I wrote this on my insta 9/5/19:
“This little angel would have gone to kindergarten this year. You’d think by now that the milestones have all come and gone, but they really sneak up on you. I didn’t get to buy him a backpack and walk him in for his first day, all of our firsts and lasts were packed into a tiny little window that we were gifted. I always thought I was have a million kids all in a row and people would say my goodness you have your hands full! My hands don’t feel so full these days with everyone in school, my heart hurts imaging the alternative universe where all my babies made it to earth safely. Someday, I tell myself, someday. All will be made right, and for that I work and hope and pray.”
Feeling all the feels lately. Thatch turned three last month.
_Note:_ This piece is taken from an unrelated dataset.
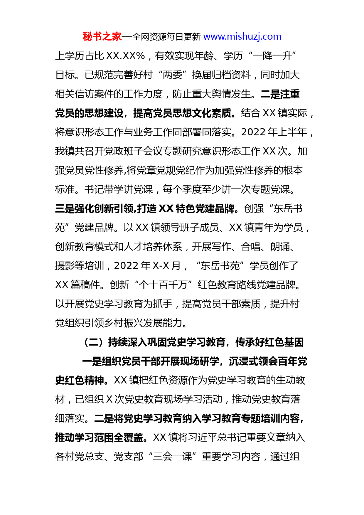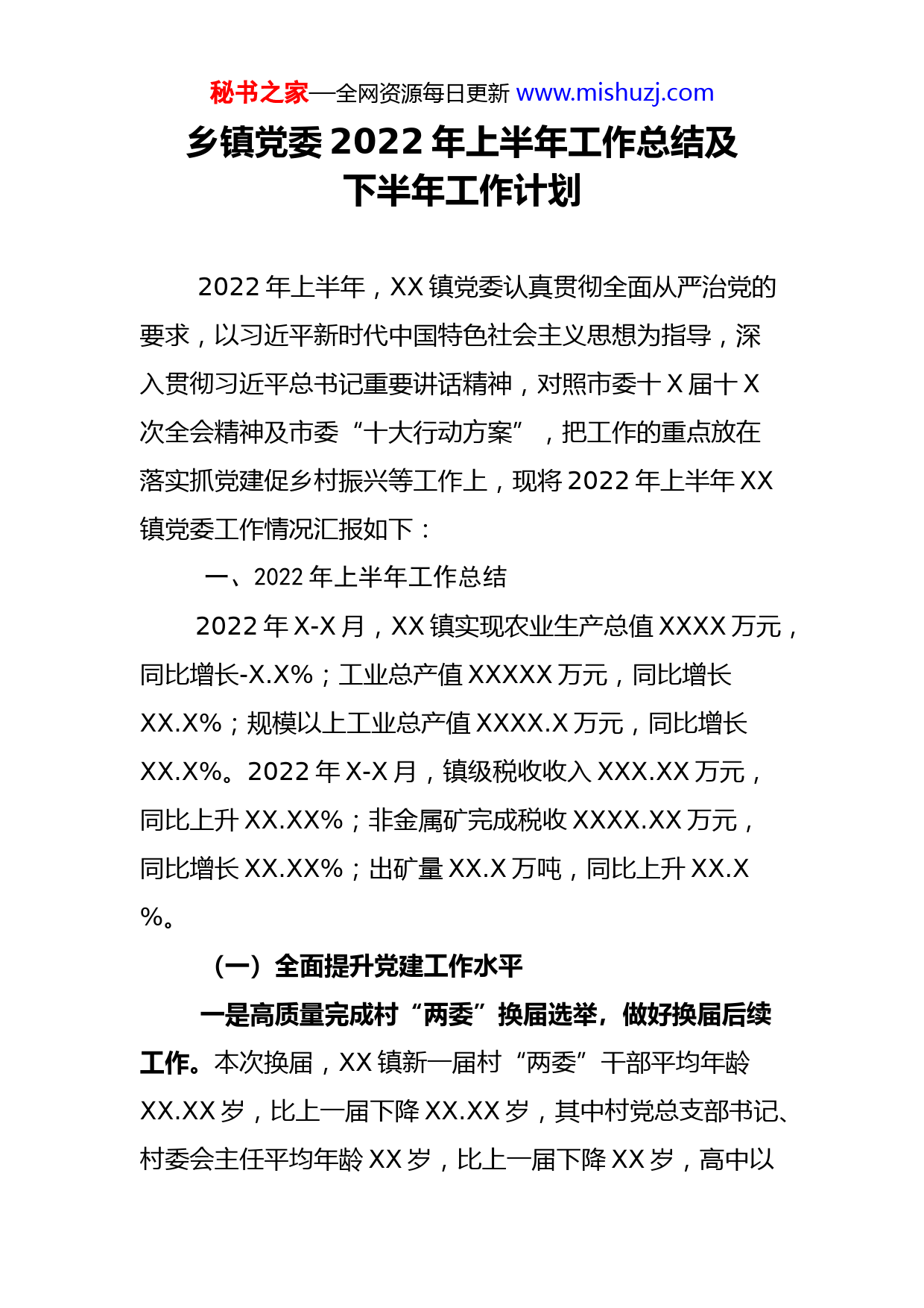 秘书之家—全网资源每日更新www.mishuzj.com乡镇党委2022年上半年工作总结及下半年工作计划2022年上半年,XX镇党委认真贯彻全面从严治党的要求,以习近平新时代中国特色社会主义思想为指导,深入贯彻习近平总书记重要讲话精神,对照市委十X届十X次全会精神及市委“十大行动方案”,把工作的重点放在落实抓党建促乡村振兴等工作上,现将2022年上半年XX镇党委工作情况汇报如下:一、2022年上半年工作总结2022年X-X月,XX镇实现农业生产总值XXXX万元,同比增长-X.X%;工业总产值XXXXX万元,同比增长XX.X%;规模以上工业总产值XXXX.X万元,同比增长XX.X%。2022年X-X月,镇级税收收入XXX.XX万元,同比上升XX.XX%;非金属矿完成税收XXXX.XX万元,同比增长XX.XX%;出矿量XX.X万吨,同比上升XX.X%。(一)全面提升党建工作水平一是高质量完成村“两委”换届选举,做好换届后续工作。本次换届,XX镇新一届村“两委”干部平均年龄XX.XX岁,比上一届下降XX.XX岁,其中村党总支部书记、村委会主任平均年龄XX岁,比上一届下降XX岁,高中以秘书之家—全网资源每日更新www.mishuzj.com上学历占比XX.XX%,有效实现年龄、学历“一降一升”目标。已规范完善好村“两委”换届归档资料,同时加大相关信访案件的工作力度,防止重大舆情发生。二是注重党员的思想建设,提高党员思想文化素质。结合XX镇实际,将意识形态工作与业务工作同部署同落实。2022年上半年,我镇共召开党政班子会议专题研究意识形态工作XX次。加强党员党性修养,将党章党规党纪作为加强党性修养的根本标准。书记带学讲党课,每个季度至少讲一次专题党课。三是强化创新引领,打造XX特色党建品牌。创强“东岳书苑”党建品牌。以XX镇领导班子成员、XX镇青年为学员,创新教育模式和人才培养体系,开展写作、合唱、朗诵、摄影等培训,2022年X-X月,“东岳书苑”学员创作了XX篇稿件。创新“个十百千万”红色教育路线党建品牌。以开展党史学习教育为抓手,提高党员干部素质,提升村党组织引领乡村振兴发展能力。(二)持续深入巩固党史学习教育,传承好红色基因一是组织党员干部开展现场研学,沉浸式领会百年党史红色精神。XX镇把红色资源作为党史学习教育的生动教材,已组织X次党史教育现场学习活动,推动党史教育落细落实。二是将党史学习教育纳入学习教育专题培训内容,推动学习范围全覆盖。XX镇将习近平总书记重要文章纳入各村党总支、党支部“三会一课”重要学习内容,通过组秘书之家—全网资源每日更新www.mishuzj.com织各村驻村领导、党支部书记讲党课,把习近平总书记重要文章精神传达到各级党员中。(三)严格落实新冠肺炎疫情防控工作一是持续落实疫情防控宣传工作。加大对疫情防控的宣传力度,2022年X-X月,镇、村两级干部进村入户派发疫情防控《倡议书》《一封信》共XXXXX多张,进一步提高了群众对疫情防控的认识,形成了群防群控的良好氛围。二是建立XX镇疫情防控包村责任制。组建由镇村干部、卫生健康、公安民警组成的“三人工作小组”,落实XX小时值班制度,对重点摸排人员实行“四个一”管理,2022年上半年,共收到推送疫情线索XXX条,已对核查落地在本地的人员落实“四个一”管理工作。三是组织XX名党群志愿服务者支援大路边镇荒塘坪检查站疫情防控工作。已安排XX批次XX人次,服务时长达XXX小时,深入疫情防控第一线,冲锋在前不畏艰难,让党旗在疫情防控第一线高高飘扬。四是全力做好新冠疫苗接种工作。通过大力开展新冠疫苗接种宣传、动员,加大镇、村统筹力度,多举措有序开展疫苗接种工作,已为群众接种第一针新冠疫苗XXXX剂次,第二针新冠疫苗XXXX剂次,超额完成上半年目标人群接种任务。(四)大力实施乡村振兴战略,打造宜居宜业宜游美丽乡村秘书之家—全网资源每日更新www.mishuzj.com一是持续开展美丽乡村建设。我镇新增江塝村特色村项目,现已基本完成建设,宝山村等XX个自然村打造美丽乡村示范村和整洁村,目前正在完善前期手续,其中龙尾村、大磅村、旧董屋村已具备入场建设条件。全面深入开展“四小园”和美丽庭院示范创建。全镇已申报打造美丽耙田、XX、大田、斜磅、高山等乡村风貌带。二是全面巩固提升农村人居环境整治成果。全面完成全域自然村“三清三拆三整治”任务,村庄保洁覆盖面和垃圾处理率达XXX%。全面提升农村卫生厕所改造质量,县级对我镇户厕改造抽查了XX户,验收通过有XX户,需要整改的有X户,现已迅速有效地开展整改工作。全镇XXX个自然村的生活垃圾得到有效处理,持续推进源头分类减量、资源化处理利用。三是巩固拓展脱贫攻坚成果同乡村振兴有效衔接。严格按照“四不摘”要求,保持现行帮扶政策、帮扶力量总体稳定。对全镇XXX户建档立卡贫困户制定了年度帮扶计划并完成系统录入工作。建立健全返贫监测和动态帮扶机制,开发预警监测平台,从镇到行政村均设置报贫电话,畅通群众报贫渠道,继续对建档立卡贫困户进行跟踪监测。(五)稳步推进经济建设,夯实发展基础一是严格落实疫情防控工作,积极推进企业复工复产。根据疫情防控工作有关文件要求,认真落实疫情防控工作。秘书之家—全网资源每日更新www.mishuzj.com在今年春节假期前,对镇辖区内XX家工矿企业开展跨省来连、离连人员进行摸查登记工作,及时企业人员流动情况。同时,积极安排XX镇卫生院工作

I thought we would have another baby by now. LOL when will I learn that it is NOT in my control? Izzie and Linc are 2 1/2 years apart and I loved their age gap. I was so tired in their newborn years but then they had a built in buddy and it was wonderful. I had another early miscarriage this month, more of a chemical pregnancy since it was right around five weeks. Just enough time for me to make plans and get my hopes up, and then…. over again. I’ve read tons of studies on recurrent miscarriage, which I definitely quality for at this point.. And most of it is like “meh eventually most people carry to term.” It’s really not very helpful to read that, I’d love more of a concrete answer but I’m (stubbornly) learning that it is totally out of my hands. If God has another baby for us, we will have one. More and more though I see what a gift and absolute miracle pregnancy and childbirth really are… what a process. So many things have to go right! Every time!
Anyway, I was missin Max and sometimes just talking about him makes me feel better. I sure wonder what he would look like at age five! Gonna be a great reunion though and all the waiting and being sad will be really worth it.